The five alternative splicing files are downloaded in the previous step and must be
named "fromGTF.A3SS.txt", "fromGTF.A5SS.txt", "fromGTF.RI.txt", "fromGTF.MXE.txt" and "fromGTF.SE.txt".
--statoff switch off statistic model.
--od a directory where rMATS outputs the result files including JCEC.raw.input.[asType].txt and JC.raw.input.[asType].txt.
--tmp a temporary directory for work.
6. Running a customized perl (
gather.splicing.for.co-analysis.pl )" to calculate PSI values of events, convert numeric identifers to alternative spicing identifiers, and merge 5 "JCEC.raw.input.[asType].txt" files into a single "JCEC" file and merge 5 "JC.raw.input.[asType].txt" into into two single files. The two output files are available for online co-analysis with the collected experiments.
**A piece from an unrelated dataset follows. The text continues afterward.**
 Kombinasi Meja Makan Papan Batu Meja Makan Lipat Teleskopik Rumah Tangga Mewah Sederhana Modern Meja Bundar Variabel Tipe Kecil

perl gather.splicing.for.co-analysis.pl \
--asIdToNumericId 5518.asId.to.numId.tsv \
--jcecA3SS outDir/JCEC.raw.input.A3SS.txt \
--jcecA5SS outDir/JCEC.raw.input.A5SS.txt \
--jcecMXE outDir/JCEC.raw.input.MXE.txt \
--jcecRI outDir/JCEC.raw.input.RI.txt \
--jcecSE outDir/JCEC.raw.input.SE.txt \
--jcA3SS outDir/JC.raw.input.A3SS.txt \
--jcA5SS outDir/JC.raw.input.A5SS.txt \
--jcMXE outDir/JC.raw.input.MXE.txt \
--jcRI outDir/JC.raw.input.RI.txt \
--jcSE outDir/JC.raw.input.SE.txt \
--outputJCECtsv jcec.tsv \
--outputJCtsv jc.tsv
Note:
--asIdToNumericId a mapping file from alternative spicing event to numeric identifer.
It is downloaded in the previous 4th step.
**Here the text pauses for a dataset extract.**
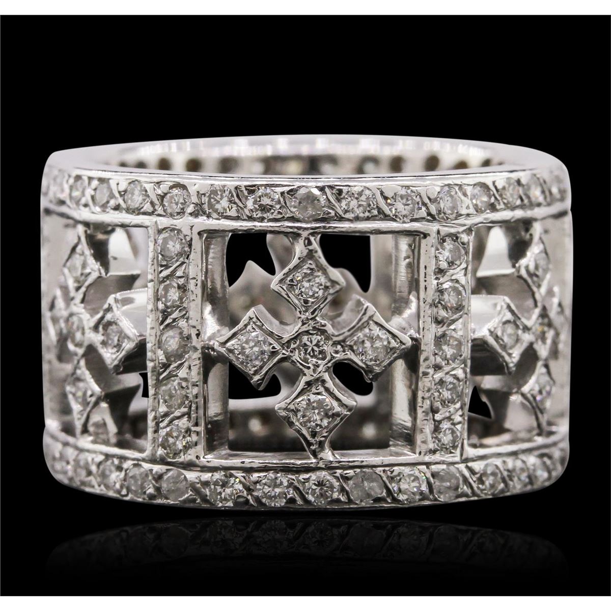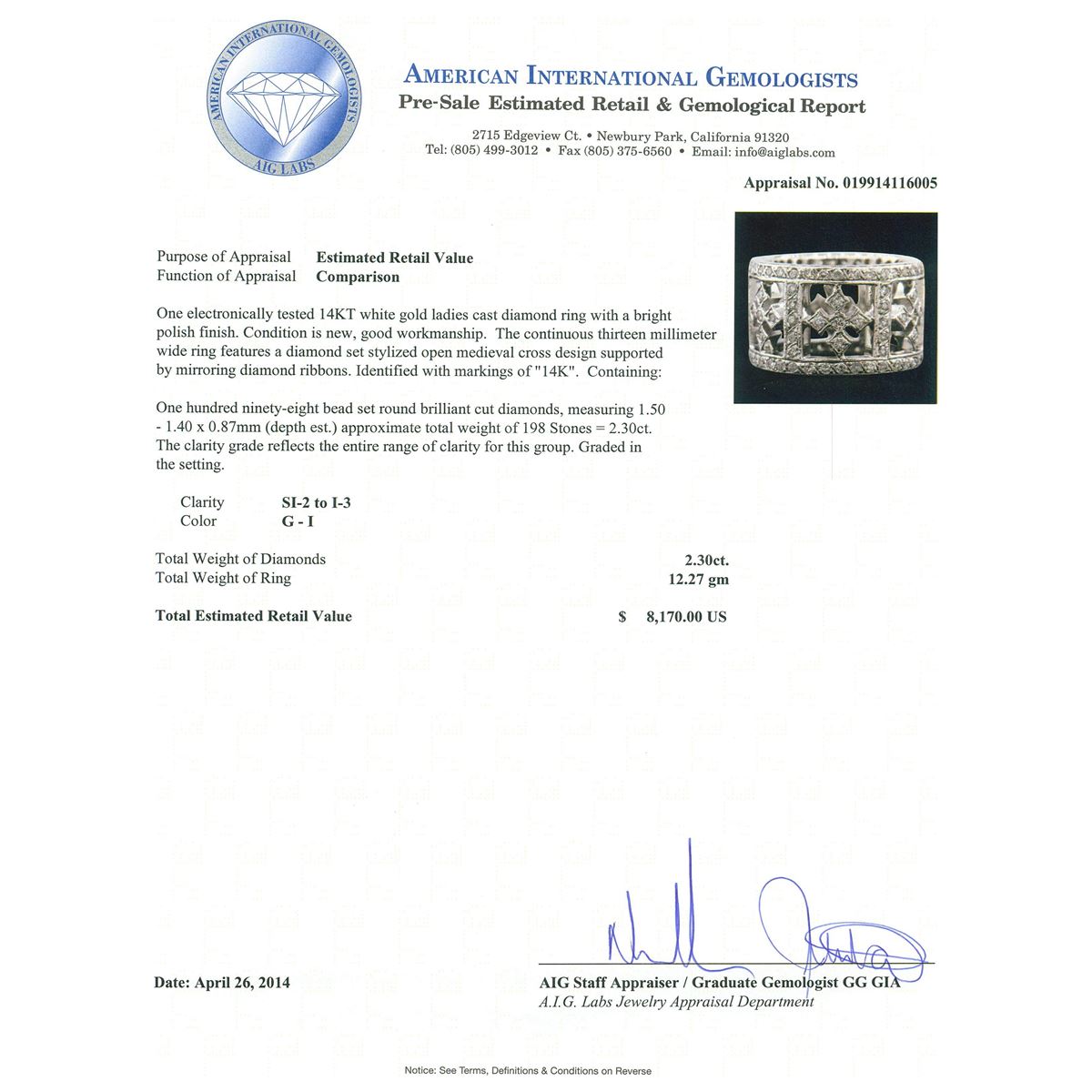 One electronically tested 14KT white gold ladies cast diamond ring with a bright polish finish. Condition is new, good workmanship. The continuous thirteen millimeter wide ring features a diamond set stylized open medieval cross design supported by mirroring diamond ribbons. Identified with markings of "14K". Containing: One Hundred Ninety-Eight bead set round brilliant cut diamonds, measuring 1.50 - 1.40 x 0.87mm (depth est.) approximate. Total Weight of 198 Stones = 2.30ct. The clarity grade reflects the entire range of clarity for this group. Graded in the setting. Clarity: SI-2 to I-3 . Color: G - I. Total Weight of Diamonds 2.30ct.. Total Weight of Ring 12.27 grams. AIG Appraised at $8,170.00.

--jcec[asType] the read count files of rMATS JCEC outputs in the previous 5th step.
--jc[asType] the read count files of rMATS JC outputs in the previous 5th step.
--outputJCECtsv the combined file for the 5 JCEC read count files.
--outputJCtsv the combined file for the 5 JC read count files.
7. In the "Comparison", "Specificity", "Coexpression" or "Cross-species" pages, upload gene.expr.tsv and transcript.expr.tsv(the outputs in the 3rd step) as well as jcec.tsv and jc.tsv (the outputs in the 6th step) with related RNA-seq sample information to perform co-analysis with the collected RNA-seq experiments.